Presentation philosopher, teacher, in search of the best gyro.

If horoscopes, personality profiles, and the like haven’t tipped you off, we humans like to analyze most things for meaning. When we step on stage, we can expect the same behavior from our audience. They’ll be wondering about everything: can the speaker see me? Does he/she like me? What makes him/her such a big shot?

I promise you this: it’ll be more than three questions. It’ll be a running list, and it won’t stop till you’re off stage and the analysis finds a new focus. And since you won’t be providing verbal answers to the searching questions, they’ll be getting their fix elsewhere–namely, from every other characteristic and clue about you, i.e. “non-verbal communication”.

It entails everything about you except for the words that spill out of your mouth. It even includes the way those words come out of your mouth, to an extent. In fact, this “non-verbal communication” covers so much ground that, if I’m being honest, there is nothing you can do about it. Almost.

With extensive practice and training, individuals can change the fundamentals of behavior that might cause problems in presentation scenarios–things like stuttering, awkward and uncomfortable hand gestures, choking on water, etc. But while anything is possible, not everything is beneficial.

What I mean is this: you have a personality. You have an array of experience from childhood to education to business that defines you and your value to the audience. You’ve been asked to speak, so before you go changing everything about yourself to become what you think other people expect you to be, it’s worth considering the value of your own quirks and human qualities on stage.

Presentations always come back to this idea of balance. With non-verbal communication, it’s no different: gloss yourself up too much and people will struggle to experience a real, human connection to your personality. Fail to smooth the roughest edges and you’ll be an absolute train wreck on stage. Finding the middle ground is the key, but what is “middle ground”.

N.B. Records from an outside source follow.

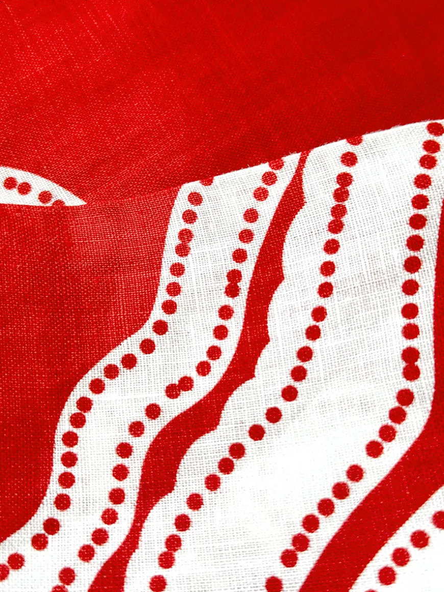 The Niku Red Collection features a custom-designed print inspired by ancient architectural patterns, blending the classic with the contemporary. The design is brought to life with a rich, vibrant red, perfectly grounded by creamy ivory for a striking and timeless look.
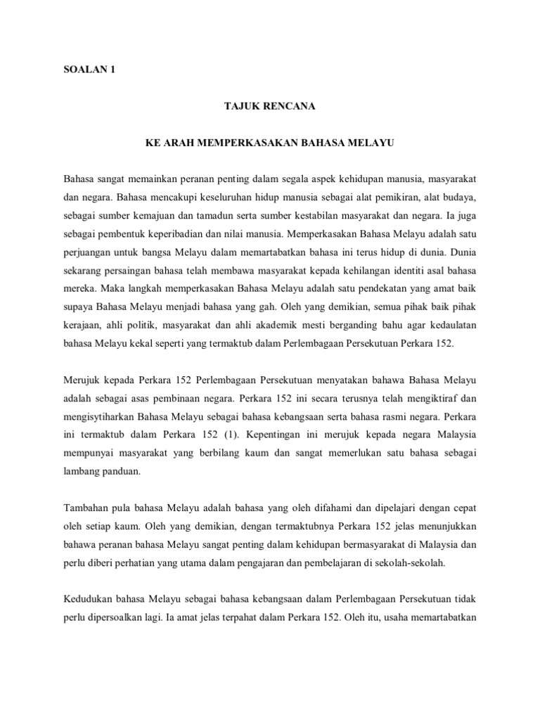 Perkara 152 Perlembagaan Persekutuan Merujuk Kepada
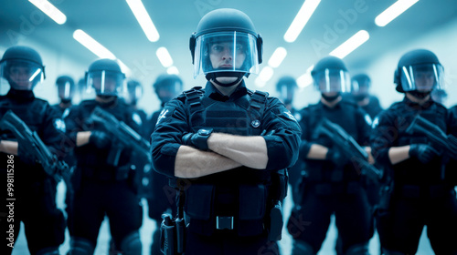 Police force in protective gear ready for action
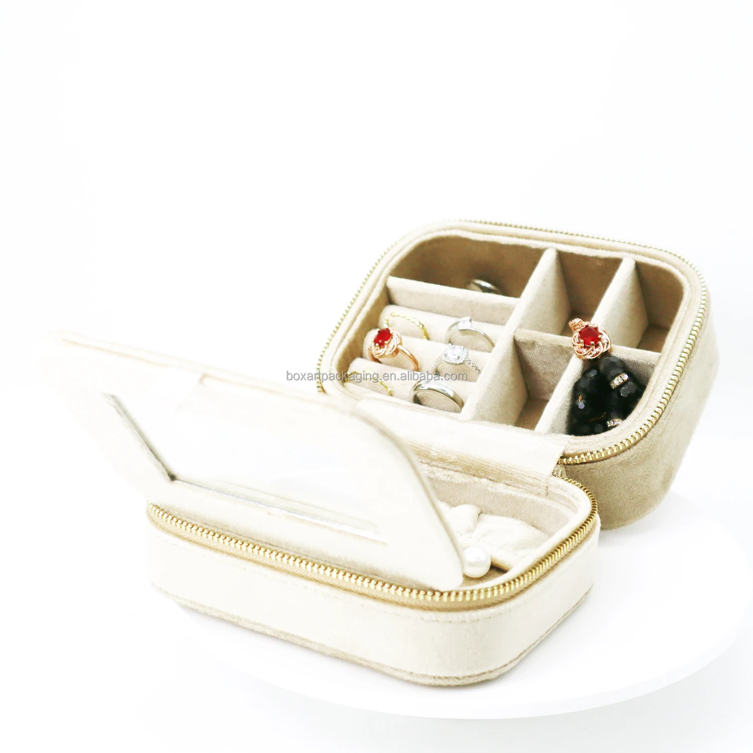 Boxart Packaging Wholesale Luxury Beige Travel Jewelry Storage Box with Mirror for Rings Earrings Necklace Jewelry Cases

Simply put, middle ground is a place where you feel calm, cool, and collected. You’re relaxed and ready to add value to the audience’s experience. If nerves make you cautious, it’s not middle ground. If you don’t recognize your own voice because you’re trying to project a different image, it’s not middle ground. Balance in non-verbal communication is all about being the same person on stage that you are at dinner with friends.

Striking that balance is actually pretty easy: just get comfortable with the stage. That means practicing your material enough to not think about it, and getting on stage enough to not feel like a fish out of water. Do those things and you’ll say all the right things without saying anything.